Records for processing Block Start

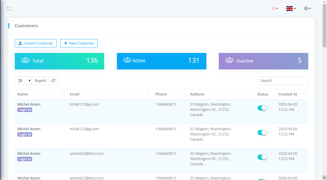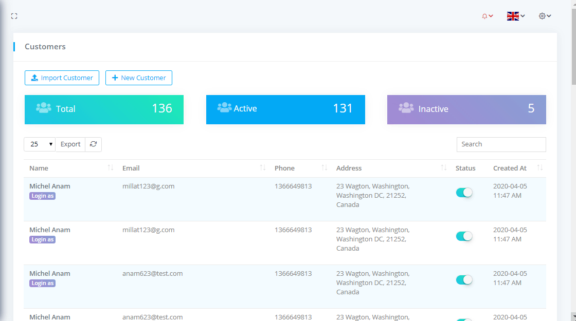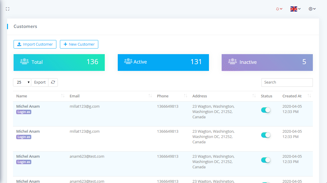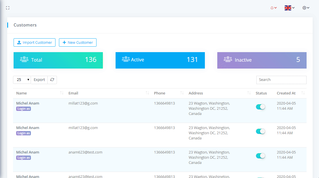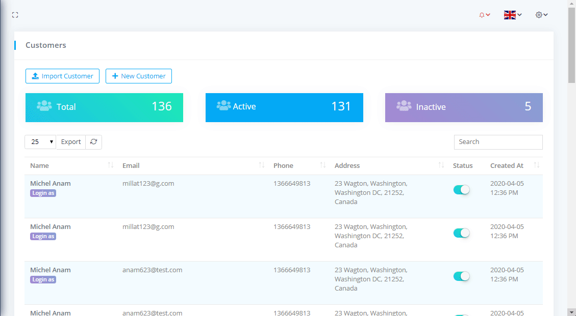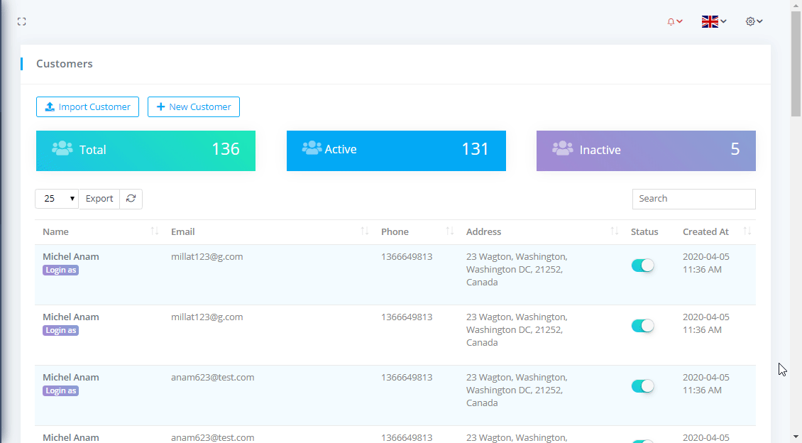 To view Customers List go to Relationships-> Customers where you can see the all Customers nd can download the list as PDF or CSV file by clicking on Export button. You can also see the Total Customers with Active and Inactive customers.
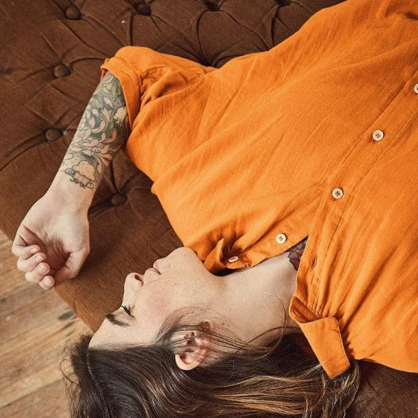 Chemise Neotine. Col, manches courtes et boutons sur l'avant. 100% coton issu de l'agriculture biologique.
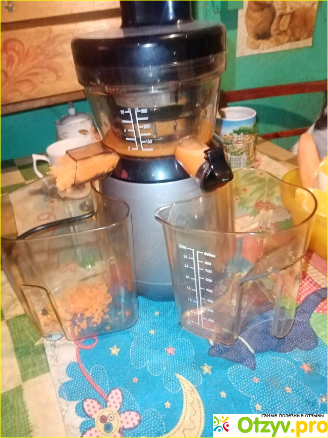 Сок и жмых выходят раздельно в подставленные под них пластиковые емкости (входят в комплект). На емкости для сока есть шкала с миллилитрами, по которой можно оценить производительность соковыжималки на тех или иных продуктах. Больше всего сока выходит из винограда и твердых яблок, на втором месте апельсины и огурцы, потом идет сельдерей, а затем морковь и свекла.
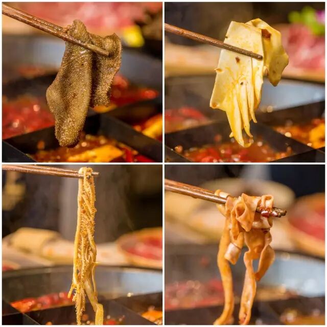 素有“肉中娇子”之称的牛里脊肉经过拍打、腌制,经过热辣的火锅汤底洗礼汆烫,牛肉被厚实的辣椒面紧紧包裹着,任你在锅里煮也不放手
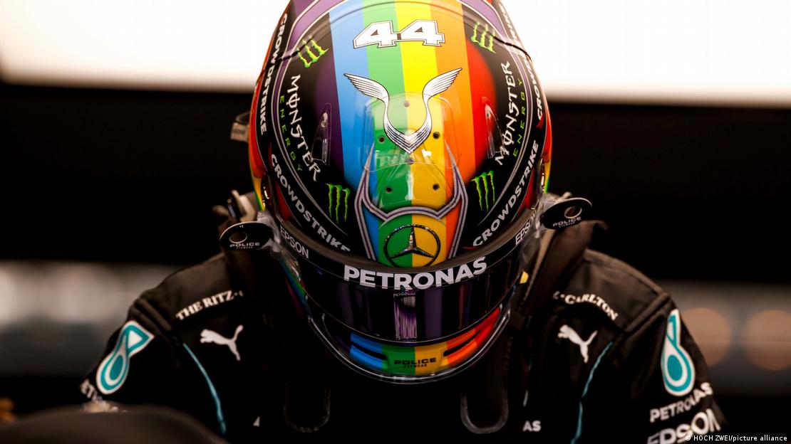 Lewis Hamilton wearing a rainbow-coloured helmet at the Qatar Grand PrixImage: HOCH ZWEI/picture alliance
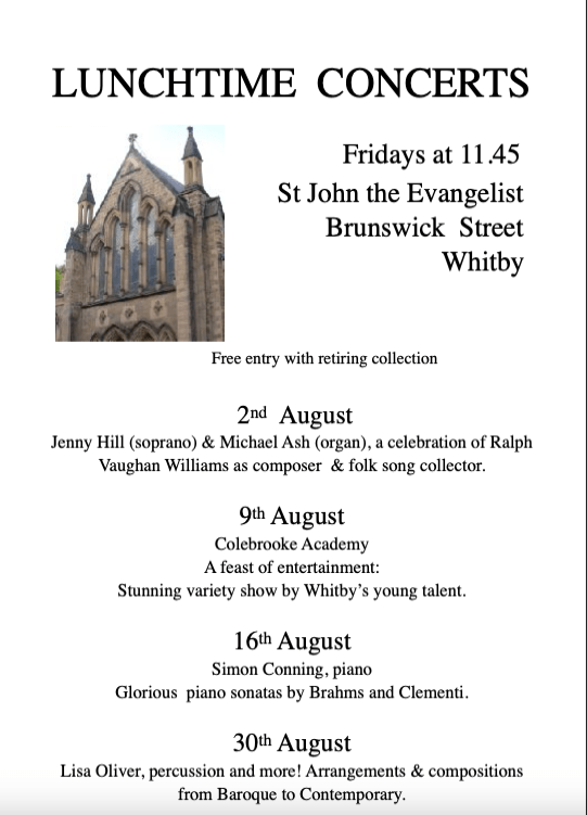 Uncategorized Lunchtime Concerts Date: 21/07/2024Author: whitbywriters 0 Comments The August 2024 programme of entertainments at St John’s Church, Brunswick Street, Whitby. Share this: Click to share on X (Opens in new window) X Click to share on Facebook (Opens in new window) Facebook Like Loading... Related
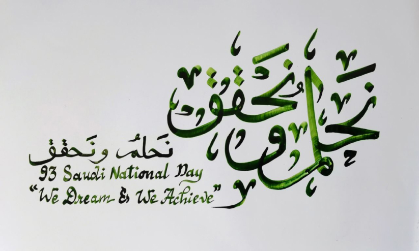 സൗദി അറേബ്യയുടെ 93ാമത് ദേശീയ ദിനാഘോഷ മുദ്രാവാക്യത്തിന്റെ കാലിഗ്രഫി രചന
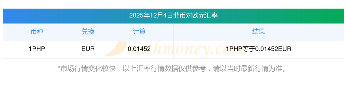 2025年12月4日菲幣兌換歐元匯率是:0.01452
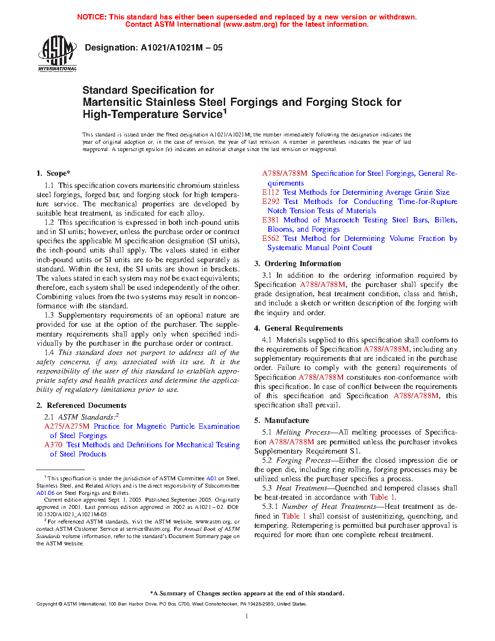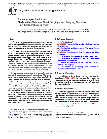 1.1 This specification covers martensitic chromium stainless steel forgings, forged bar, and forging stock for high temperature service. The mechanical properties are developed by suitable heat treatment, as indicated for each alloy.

Records for processing Block End

### Exercise aim
Leave out the pictures and print each record exactly as it stands.

### Output for this task
 To view Customers List go to Relationships-> Customers where you can see the all Customers nd can download the list as PDF or CSV file by clicking on Export button. You can also see the Total Customers with Active and Inactive customers.
 Chemise Neotine. Col, manches courtes et boutons sur l'avant. 100% coton issu de l'agriculture biologique.
 Сок и жмых выходят раздельно в подставленные под них пластиковые емкости (входят в комплект). На емкости для сока есть шкала с миллилитрами, по которой можно оценить производительность соковыжималки на тех или иных продуктах. Больше всего сока выходит из винограда и твердых яблок, на втором месте апельсины и огурцы, потом идет сельдерей, а затем морковь и свекла.
 素有“肉中娇子”之称的牛里脊肉经过拍打、腌制,经过热辣的火锅汤底洗礼汆烫,牛肉被厚实的辣椒面紧紧包裹着,任你在锅里煮也不放手
 Lewis Hamilton wearing a rainbow-coloured helmet at the Qatar Grand PrixImage: HOCH ZWEI/picture alliance
 Uncategorized Lunchtime Concerts Date: 21/07/2024Author: whitbywriters 0 Comments The August 2024 programme of entertainments at St John’s Church, Brunswick Street, Whitby. Share this: Click to share on X (Opens in new window) X Click to share on Facebook (Opens in new window) Facebook Like Loading... Related
 സൗദി അറേബ്യയുടെ 93ാമത് ദേശീയ ദിനാഘോഷ മുദ്രാവാക്യത്തിന്റെ കാലിഗ്രഫി രചന
 2025年12月4日菲幣兌換歐元匯率是:0.01452
 1.1 This specification covers martensitic chromium stainless steel forgings, forged bar, and forging stock for high temperature service. The mechanical properties are developed by suitable heat treatment, as indicated for each alloy.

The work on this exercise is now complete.